The Month That Was-May 2017

The Month That Was-May 2017


In last month’s commentary, we discussed how April was a quiet month on the Political Front, which allowed markets to focus on Fundamentals such as earnings and economic conditions. All was quiet in Washington early in May until a story broke about our President’s possible inappropriate involvement with Russia, leading many investors to speculate that imminent impeachment was a possibility. Markets reacted with an almost 2% drop in the middle of the month. However, the downdraft was short-lived and markets recovered and closed up 1% for the month.

We feel that something veteran Market Strategist and market observer Byron Wien pointed out in a CNBC interview a couple weeks ago helps explain the current dynamics quite well. He ranked, in order of importance to markets, the following items:
1. Earnings
2. Interest rates
3. Economy
4. Washington

If we walk through these factors, we see a pretty solid basis for the continued upward creep of the markets. As we had discussed in April, corporate earnings have been solid as of late, with a general rise in earnings this season of more than 10%. On the interest rate front, rates have remained stable and traded around lower levels of their recent range. This stability was welcomed by markets.

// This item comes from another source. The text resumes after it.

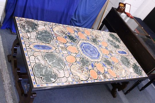 AN IMPRESSIVE 19TH/20TH CENTURY ITALIAN SPECIMEN MARBLE-TOPPED TABLE, inset with coloured stone. 7' 2" long x 3' 11" wide.
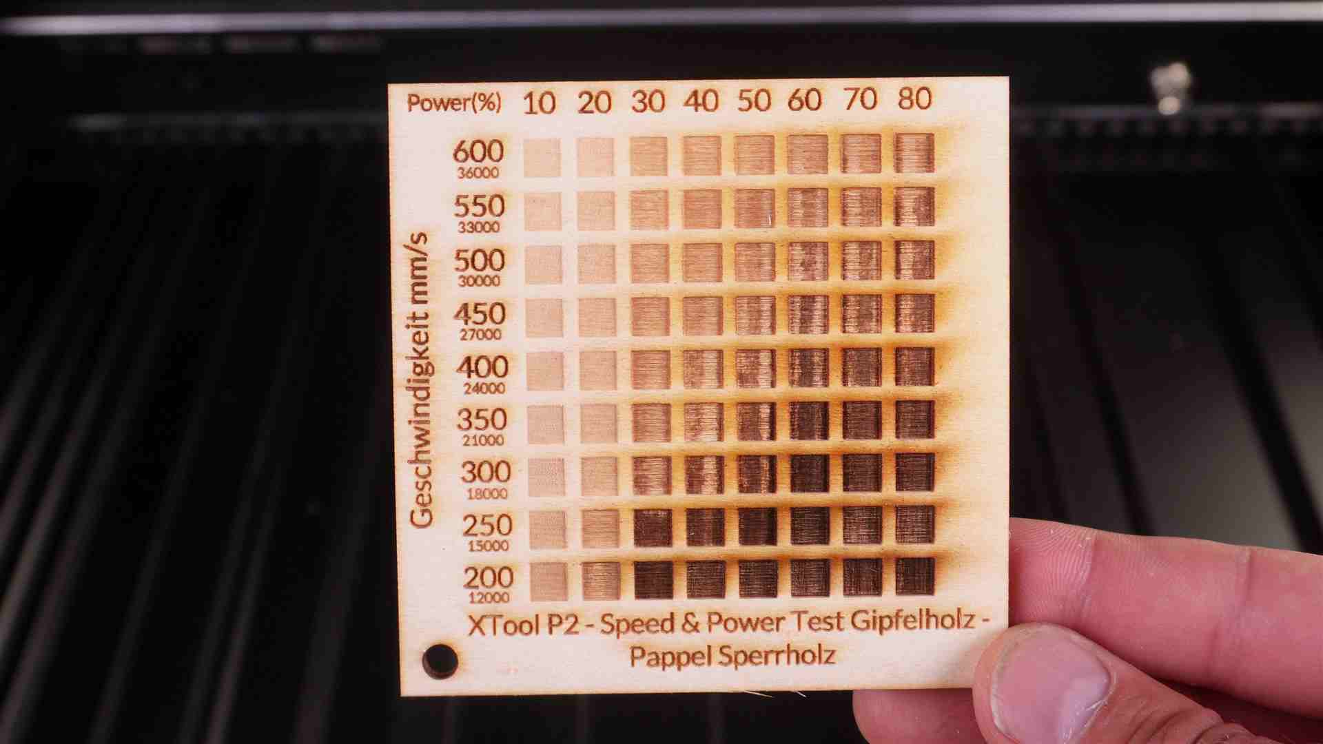 Achtung die angegebenen Werte gelten für den xTool P2 CO2 Laser mit 55 Watt.

As for the economy, there remains a basis for the consensus view of continued modest growth. As those who receive our daily emails are by now accustomed to hearing, US economic data released this month consistently fell into the “a bit less than expected but solidly expansionary” category. Global data has been even stronger. Accordingly, the economy continues on a solid, if unspectacular, growth trajectory with European economies leading the way.

Finally, drama in Washington may lead many observers to infer that a weakened Presidency will reduce the probability of passing the pro-growth agenda set forth. However, to the extent that this has already been recognized as a possibility and thus discounted by the markets, that is not necessarily a negative. We believe that markets cannot price in any imminent "pro-growth" agenda policies as it is becoming increasingly clear that nothing is actually imminent. While markets generally hate uncertainty, this is a different type of uncertainty: one with a cautious optimism about a positive outcome and a worst case scenario of status quo.

CLOSED-END FUND (CEF) COMMENTARY: Are Discounts Topping Out? It Depends…

This month, as shown in the table above, CEFs continued their general narrowing pattern, if only modestly.  For the calendar year 2017, we have seen a steady generic narrowing across the board, with equity funds narrowing almost four (4) discount points and the average bond fund narrowing a bit more than two (2) points.  While this has been most welcomed, it has led many CEF observers to ask the question:  Have discounts gotten to the point where they may have topped out? 

As with all questions in the economic and investment arena, the short answer is “It Depends.”  More specifically on this issue, it depends upon the timeframe used to gauge historic averages of CEFs.

If one looks simply at the near term, discounts do look a little high.  As shown in the 1 year and 3 year graph above, recent narrowing trends have left CEF discounts at higher levels.   In fact, taking this short term view, CEFs could be seen as potentially overvalued.

However, if one takes a longer term view, things appear to be much different.  In this regard, it is important to point out that over the past decade, CEFs have had two significant pricing dislocations which have led to periods of generic widenings.  In 2013, CEFS had a large widening period relating to the “taper tantrum.”   Also, in 2008, CEFs suffered through a very large widening period, as investors lost confidence in almost all investments.

As shown in the five and ten year charts,  a view of longer term discount averages paints a different picture from a short term look back.  Due to the dislocations discussed above, CEF discounts had been trading at historically depressed levels.  Accordingly, the recent narrowing strength in CEFs can be seen as only a partial recovery.  In this regard, for CEFs to fully recover from the dislocations, even further generic narrowings would need to occur.

So where do we go from here?  At SFS, we believe that the answer to the fundamental question of relative levels of discounts is somewhere in between the two analyses discussed above.  On a purely longer term historical analysis, it appears that CEFs, especially bond funds, have continued upside potential.  However, there have been additional fundamental changes to the CEF marketplace which could affect discount levels overall.  On the positive side, increased demand (higher levels of overall investment) coupled with decreased supply (less CEFs due to mergers and open-endings) would support higher levels.  However, on the negative side, the increased presence and popularity of exchange traded funds (ETFs) as an alternative could lead to decreased demand and support lower overall levels.

At SFS, we primarily favor a reactive approach to discount movements.  That is to say, we prefer to monitor movements in discounts and adapt our trading strategies in lieu of committing to strategies in advance based upon predictions of CEF discount movements.  But that being said, we currently see no reason to believe that CEFs have any distinctly expected directionality.  Under such circumstances, especially when coupled with the current lack of volatility in the markets in general, a plateauing of discounts certainly appears to be a rational expectation for the near to mid-term.